After this procedure, the global phasor histogram was plotted. It grouped the phasor counts of all the samples and for each selected molecule. Then, the local maxima of the histogram was identified in order to draw the best fitting line. The two intersections between this line and the circle segment are linked to the two fluorescence lifetimes values43. A projection on the line of each phasor count (vector) was accomplished to calculate, for each type of tissue, the Long Lifetime Intensity Fraction (LLIF) marked with a symbol alpha (α)43 in Fig. 5, in order to estimate the similarities or the dissimilarities between the different tissue types. This parameter helps us to determine the fraction of fluorescence emitted by each component presented in our excited zone.
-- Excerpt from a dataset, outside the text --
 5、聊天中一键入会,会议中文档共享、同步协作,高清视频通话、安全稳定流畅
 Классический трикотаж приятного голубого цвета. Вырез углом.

Deep UV discriminative algorithm

Three molecular ratios (Tryptophan-Collagen, Tryptophan-NADH and Tryptophan-Tyrosine) were presented in the 3D-scatter plot of deep UV measurements for the three groups of tissues (Fig. 2). The scatter cloud of each group was approached by a Gaussian ellipsoid using the mean and the standard deviation as parameters for the covariance with the ellipse to cover 60% of the total probability mass. The overlap volume between the three ellipses was then reported as a percentage to assess the performance of such an algorithm. A blind analysis was conducted, and the sensitivity (Se) and the specificity (Sp) of the discrimination criteria were calculated using the Eqs (4) and (5) cited below:

$${{\rm{S}}}_{{\rm{e}}}=\frac{{\rm{TP}}}{{\rm{TP}}+{\rm{FN}}}$$
(4)
$${{\rm{S}}}_{{\rm{p}}}=\frac{{\rm{TN}}}{{\rm{TN}}+{\rm{FP}}}$$
(5)

where:

TP: True Positive, defined as tumoral tissue classified as tumoral.
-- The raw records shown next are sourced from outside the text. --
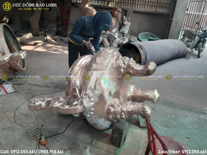 - Dỡ khuôn, làm nhẫn bề mặt: Khi vừa đúc đồng xong, người thợ sẽ tiến hành công đoạn làm nguội, dỡ khuôn, dùng các dụng cụ chuyên dụng làm nhẵn bề mặt, loại bỏ những chi tiết thừa.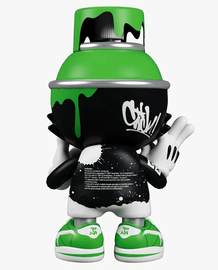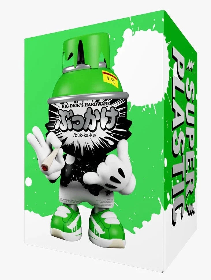 8-INCH Pakalolo Green is the highest edition of the five-part toy series created by legendary LA graffiti artist OG Slick. This limited edition piece comes finished in Superplastic soft vinyl, featuring Slick’s signature hands holding a joint and a cap revealing an electroplated silver chrome spray nozzle. Shake to hear the real rattle sound. Limited to 888 made.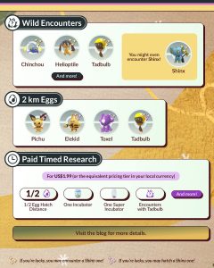 • Verhoogde kans op een Shiny Tadbulb uit een 2 km ei.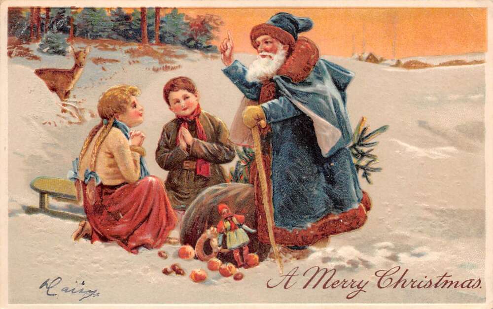 Christmas Greetings Santa Claus Blue Robe Childern PFB Postcard AA73222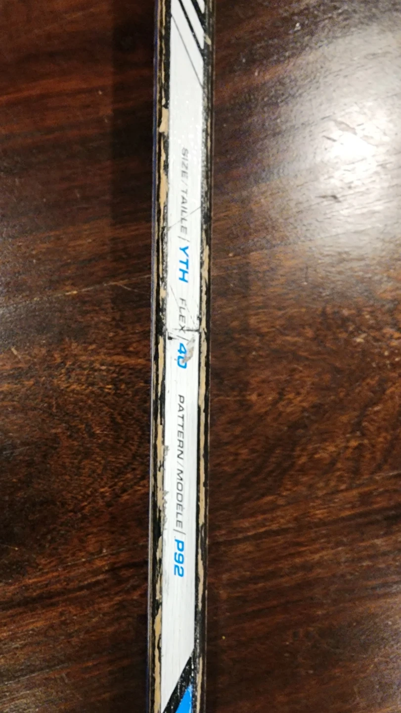 This is a Bauer Ignite 3000 hockey stick. It's a youth size with a flex of 40 and pattern P92. It has visible signs of use but is still functional for play. 50" tall, straight blade for ages that arent quite sure if they shoot left or eight yet.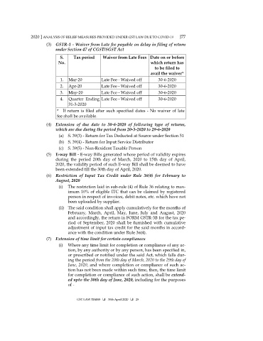 2020 ] ANALYSIS OF RELIEF MEASURES PROVIDED UNDER GST LAW DUE TO COVID-19 J77

FP: False Positive, defined as control tissue classified as tumoral.

TN: True Negative defined as control tissue classified as healthy.
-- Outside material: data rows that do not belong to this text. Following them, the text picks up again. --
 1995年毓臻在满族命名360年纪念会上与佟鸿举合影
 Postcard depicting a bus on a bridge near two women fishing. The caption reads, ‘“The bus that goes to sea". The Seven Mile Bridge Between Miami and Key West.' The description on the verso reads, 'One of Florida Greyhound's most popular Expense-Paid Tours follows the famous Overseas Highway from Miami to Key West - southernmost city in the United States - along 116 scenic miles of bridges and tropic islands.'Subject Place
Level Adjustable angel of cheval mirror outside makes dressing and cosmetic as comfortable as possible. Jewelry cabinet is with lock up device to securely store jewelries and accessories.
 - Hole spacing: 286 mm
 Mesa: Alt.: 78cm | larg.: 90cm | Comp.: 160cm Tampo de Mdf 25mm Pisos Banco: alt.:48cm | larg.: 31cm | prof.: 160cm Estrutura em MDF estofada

FN: False Negative, defined as tumoral tissue classified as healthy.

Statistical analysis

A student test (t-test) was performed for all molecular ratios data series to analyse statistically the different indicators statistically in order to obtain a p-value with a criteria of significance. On each boxplot figure, a table with stars “ *” icon indicator was displayed showing the p-value obtained comparing each couple of tissue type, where:

*Correspond to a p-value > 0.05.

**Correspond to 0.01 < p-value < 0.05.

***Correspond to a p-value < 0.01.

A p-value < 0.05 was considered as discriminating for two data series of two different tissue types.